Accuracy of shape (conformality) is most closely achieved where the cone, which is intrinsic to a conic projection, touches the globe. If you refer back to Figure 4-4, you can see that the conic projection makes contact in the latitudinal vicinity of the United States. For Americans, therefore, this projection is noteworthy because it is commonly used to make maps of their country.
The Lambert Azimuthal Equal Area projection
The same Herr Lambert who developed the conformal conic projection (see the preceding section) presented the Lambert Azimuthal Equal Area projection in 1772 (see Figure 4-3). Because it’s an azimuthal projection, as shown in Figure 4-4, it portrays only a hemisphere, as opposed to the entire world. On the other hand, it has two positive aspects: Areas are shown in true proportion to the same areas on Earth and, as revealed in my New York-to-Singapore exercise (see “Singapore, please. And step on it!” earlier in this chapter), long-range directions are depicted with a fair amount of accuracy.
Mapping a Cartographic Controversy!
If you’re under the impression that the world of map-making is rather staid and geeky, you’re right. In recent decades, however, a map known as the Peters projection has come along and stirred things up. An episode of the television series The West Wing showed just how geeky, wonky, and controversial map projections like Peters can be. Although this projection is controversial to some, it serves as an excellent example of why average citizens and novice geographers ought to know the facts about flat maps.

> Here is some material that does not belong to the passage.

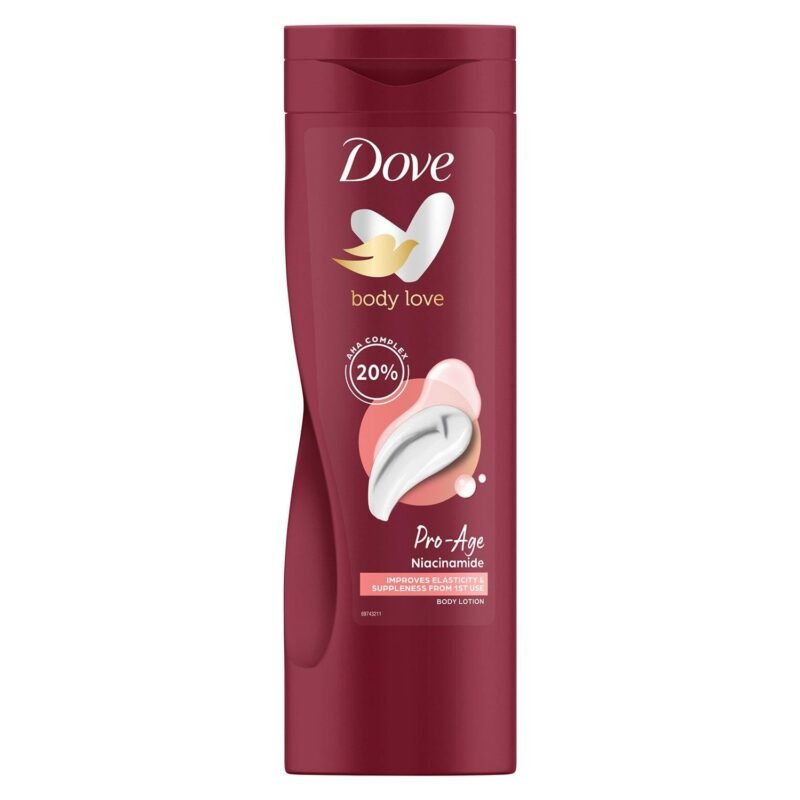 Dove Pro Age Nourishing Body Care Body Lotion enthält AHA, Olivenöl und Vitamin B3 für eine natürliche Hautverjüngung|Dove Feuchtigkeitspflege angereichert mit NutriDUO, um die tieferen Schichten der Haut zu pflegen|Eine Körpercreme, die die Haut 24 Stunden lang mit Feuchtigkeit versorgt und die trockene Haut bekämpft|Körperfeuchtigkeitspflege verbessert das Auftreten von dunklen Flecken und beschleunigt die Zellerneuerung|Dove Hautcreme revitalisiert reife Haut und lässt sie sich natürlich wiederherstellen|Dove Lotion nährt alternde Haut

The Peters projection was introduced and subsequently promoted in 1972 by Arno Peters, a German historian (see Figure 4-8). It’s also the subject of his book The New Cartography (Die Neue Kartographie). As far as accurately showing the world is concerned, this map lies just like any other. The appearance of the continents has been likened to wet laundry hanging out to dry. The shape of land and water bodies is badly distorted, but size is maintained.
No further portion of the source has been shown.